2. Description of the Related Art
In recent years, three-dimensional computer graphics (CG) techniques have progressed rapidly, enabling realistic graphics rendering as if live-action imaging has been captured. However, much high-quality CG imaging in movies and TV programs is created by low-level manual procedures by animators, and hence requires enormous cost. It is certain that there will be a demand for a further variety of CG content. To meet the demand, it is necessary to produce high-quality CG imaging easily and cheaply.
In CG representation, it is considered particularly difficult to render pliant materials such as cloth, skin and fur. With such materials, it is very important to express changes in the color of the surface or self-shadowing, which are caused by changes in the viewing direction or illumination direction.
Because of this, a method for photographing an actual material and reproducing the characteristics of the material to produce a realistic CG image has recently been utilized. Concerning the rendering of a surface texture depending on the viewing and illumination directions, research into modeling methods, called bidirectional reference distribution function (BRDF), bidirectional texture function (BTF) and polynomial texture maps (PTM) has been advanced. (See, for example, Dana et al., “Reflectance and Texture of Real-World Surfaces”, ACM Transaction on Graphics, 18(1):1-34, 1999.) These methods employ the analysis of acquired data to extract a function model. However, in such conversion into a functional model, there is a limit on the rendering of the irregular self-shadowing or brightness changes of a real material, and many problems remain involved.
An alternative approach has been proposed which involves maintaining acquired data as texture data, selecting appropriate data therefrom depending on parameters such as viewing and illumination directions, and mapping the selected texture data onto model data. (See, for instance, Y. Yamauchi, M. Sekine, S. Yanagawa, “Bidirectional Texture Mapping for Realistic Cloth Rendering”, ACM SIGGRAPH2003 sketch, 2003.) Although this method can render irregular changes that cannot be rendered by functional modeling, it requires an enormous amount of texture data to accurately render textures.
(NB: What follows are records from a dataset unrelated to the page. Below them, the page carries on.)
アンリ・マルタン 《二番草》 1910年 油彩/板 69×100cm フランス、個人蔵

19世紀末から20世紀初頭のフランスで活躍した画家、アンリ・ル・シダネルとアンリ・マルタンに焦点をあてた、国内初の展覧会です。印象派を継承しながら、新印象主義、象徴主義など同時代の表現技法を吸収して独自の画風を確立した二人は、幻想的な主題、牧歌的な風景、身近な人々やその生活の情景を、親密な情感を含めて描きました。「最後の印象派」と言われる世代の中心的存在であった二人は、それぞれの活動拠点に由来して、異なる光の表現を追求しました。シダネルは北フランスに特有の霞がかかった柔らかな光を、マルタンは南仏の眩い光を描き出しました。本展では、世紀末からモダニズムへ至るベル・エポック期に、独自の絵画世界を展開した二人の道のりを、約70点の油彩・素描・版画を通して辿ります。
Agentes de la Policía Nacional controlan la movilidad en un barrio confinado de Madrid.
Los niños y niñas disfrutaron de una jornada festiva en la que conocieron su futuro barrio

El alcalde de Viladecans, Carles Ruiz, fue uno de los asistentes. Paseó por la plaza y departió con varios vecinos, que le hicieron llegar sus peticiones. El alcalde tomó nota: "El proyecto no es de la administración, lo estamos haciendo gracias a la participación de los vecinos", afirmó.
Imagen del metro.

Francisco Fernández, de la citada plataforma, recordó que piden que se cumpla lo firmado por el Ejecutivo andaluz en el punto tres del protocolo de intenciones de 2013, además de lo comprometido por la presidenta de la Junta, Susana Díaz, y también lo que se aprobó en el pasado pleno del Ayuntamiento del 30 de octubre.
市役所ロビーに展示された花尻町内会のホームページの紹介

Because of the limitations of the above approaches, several methods have been proposed for realistically rendering the surface of a CG model, using a minimal amount of data.
However, to realistically render a CG model surface, it is necessary to simulate mechanical changes in the surface caused by factors such as deformation, expansion and contraction, and changes in the condition of the surface due to aging, and changes in color or self-shadowing caused by variations in viewing/illumination position. If texture data corresponding to all changes is generated, the required amount of data is considerable. Further, if a variety of simulations are used for rendering such changes, the methods for storing, selecting and mapping data become very complex.
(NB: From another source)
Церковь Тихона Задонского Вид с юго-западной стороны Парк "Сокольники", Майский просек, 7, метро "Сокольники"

Therefore, it is necessary to develop a texture mapping apparatus capable of efficiently controlling complex processing, and realizing high-quality CG imaging using a minimal amount of data.
When rendering the surface characteristics of a material that vary according to numerous conditions, using texture data, an enormous number of texture images acquired or created under such different conditions are necessary. Currently used systems cannot store and process such an enormous number of texture images.
Furthermore, when the amount of data is increased in accordance with the viewing and illumination conditions and various other conditions, it is very difficult to manage the memory used to store the increased amount of data, and the texture data selecting/mapping methods become very complex.